Love and Compassion in Three Colors: Red

This is an attempt to give my opinion that cannot be perfect or finite in any way on the film by K. Kieslowsky, the last of the trilogy. For me, this work of art is highly intuitive therefore its interpretation cannot be finite. It is a psychological and philosophical venture of Kieslowski`s into human relations, emotions, feelings, intuition, subtleties of relations intertwined with thoughts, and something left unspoken. More specifically this film deals with the relations between men and women. Or rather one possible relationship forming between a young woman and an older retired judge.

There are two stories running in parallel and we are presented the one with Irene Jacob and Terntignan as the main story. This story seems anxious and impossible. From the beginning of the film, we are kind of misled into thinking that this is a film about a romantic relationship. However, it is not. This film is totally out of any genre. It is like I mentioned earlier psychological and philosophical. I can apophatically say what this film is not.

It is not about the typical romantic relationship between an older man and a woman, some passion that evolves, with a tragic or happy outcome. It is not about misunderstandings or stubbornness of the characters, it is not about people who refuse to change because it is their pride that prevents them. It is not a film that criticizes the lack of genuine interest in people, coldness, or lack of love in relationships. 

The first story that opens the film is about a young literature student and a ballet dancer who is in love with a man that obviously does not love her. Therefore his character is not represented in the film. We can only hear his voice on the phone when they have conversations, usually meaningless conversations.  His obvious lack of love and commitment makes him kind of unfit to be presented in the film as any crucial charater, just a marginal minor one, really, which de facto he is.

The other story is, to me, a possible love story of friendship between the character of Irene Jacob (Valentine) and the young future judge. Maybe it is an anticipation of what might be, and at the end which ends on a hopeful note, we are left to wonder and chose for ourselves, whether they end up together or not. I think this story serves as a mirror image of what could be, while the main story is the real one that drives two characters towards the light. This second story is a hopeful light-bearing possibility. Unless they ruin it.

I do not thing that the hopeful ending has any bearing on the whole story. I think it seems irrelevant how the film ends. What is important is everything in between. What is important is the characters and not the plot. The plot here is a servant to the characters. They need to learn, they need to come out from the darkness into the light and that implies truth. They need to truly see themselves for who they really are and they can only do that not by being isolated from one another but by being led to one another by "fate'. The need to speak out the truth to be able to help one another. It basically means, that if you want to evolve as a human being, towards being able to truly love your neighbor, you need to go through a painful change starting from knowing yourself. Sometimes self-knowledge comes from the other.

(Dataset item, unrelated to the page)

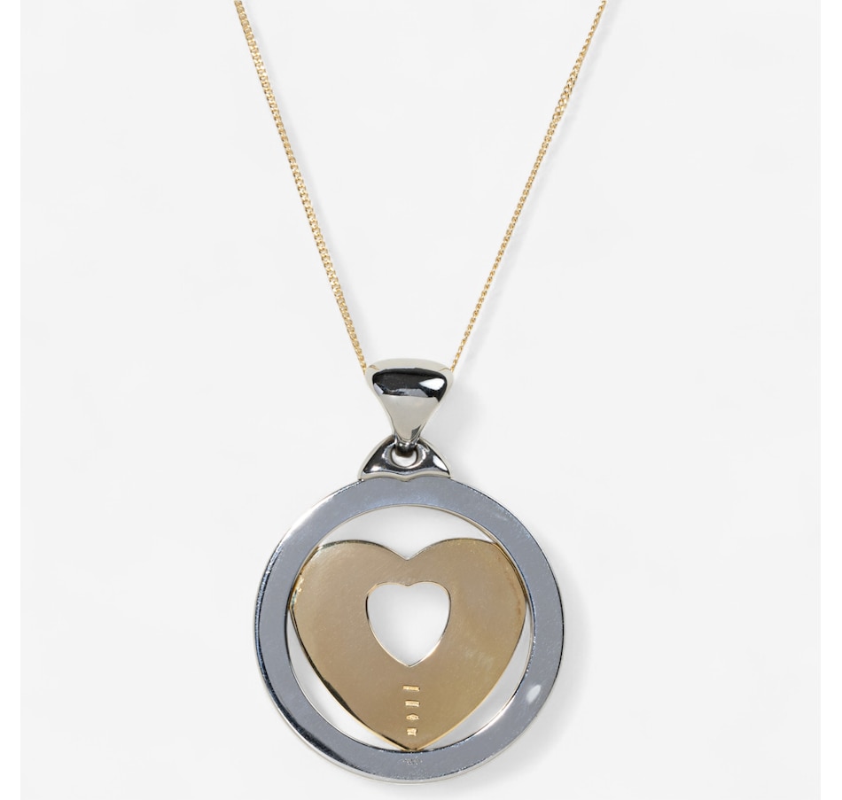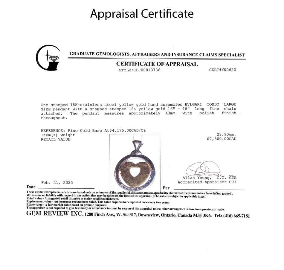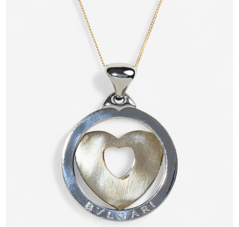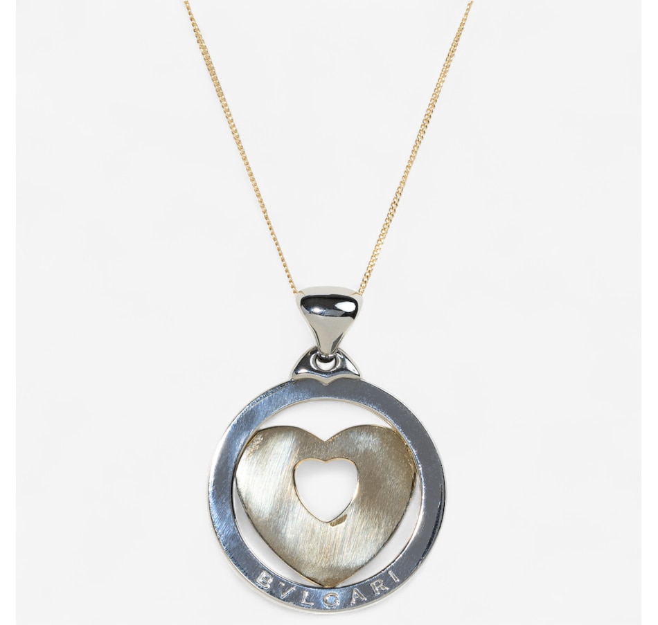 This designer Tondo Large Heart pendant, by BVLGARI, is crafted in warm 18K yellow gold and stainless-steel. It features a stainless steel circular border, signed BVLGARI, with a large, rounded bale. Within the circle is a yellow gold heart with a second heart cutout in the middle. An adjustable 16 - 18"" curb link chain with lobster clasp is included.

So we see the retired judge sitting in half gloom of his lonesome house isolated from the lies he had to face as a judge and from the mistakes he had to make in the process. I guess the meeting with Valentine sets his lying spying world on fire by the kindness of her heart - by simply pitying the miserable state of his soul. There are two questions here. Why does she keep coming around to him and why does he not turns her pity down with resentment.

I think the answer to these two questions lies in the very director of the film. Because he is the omniscient writer of the script who happens to know his characters better than we ever will, so he lets them learn and change. He lets them confront each other in humbleness, and not in pride. That, for me, is the key to understanding the psychological, philosophical and for lack of a better word, religious sides of this film. Religion is not being actually, mentioned or important but nonetheless remaining in the undertow.

Like in the case of Tarkovsky it is the same with Kieslowski truly religious people do no brag or give public displays of what they believe in. They live it to the audience to perceive it within the context or not.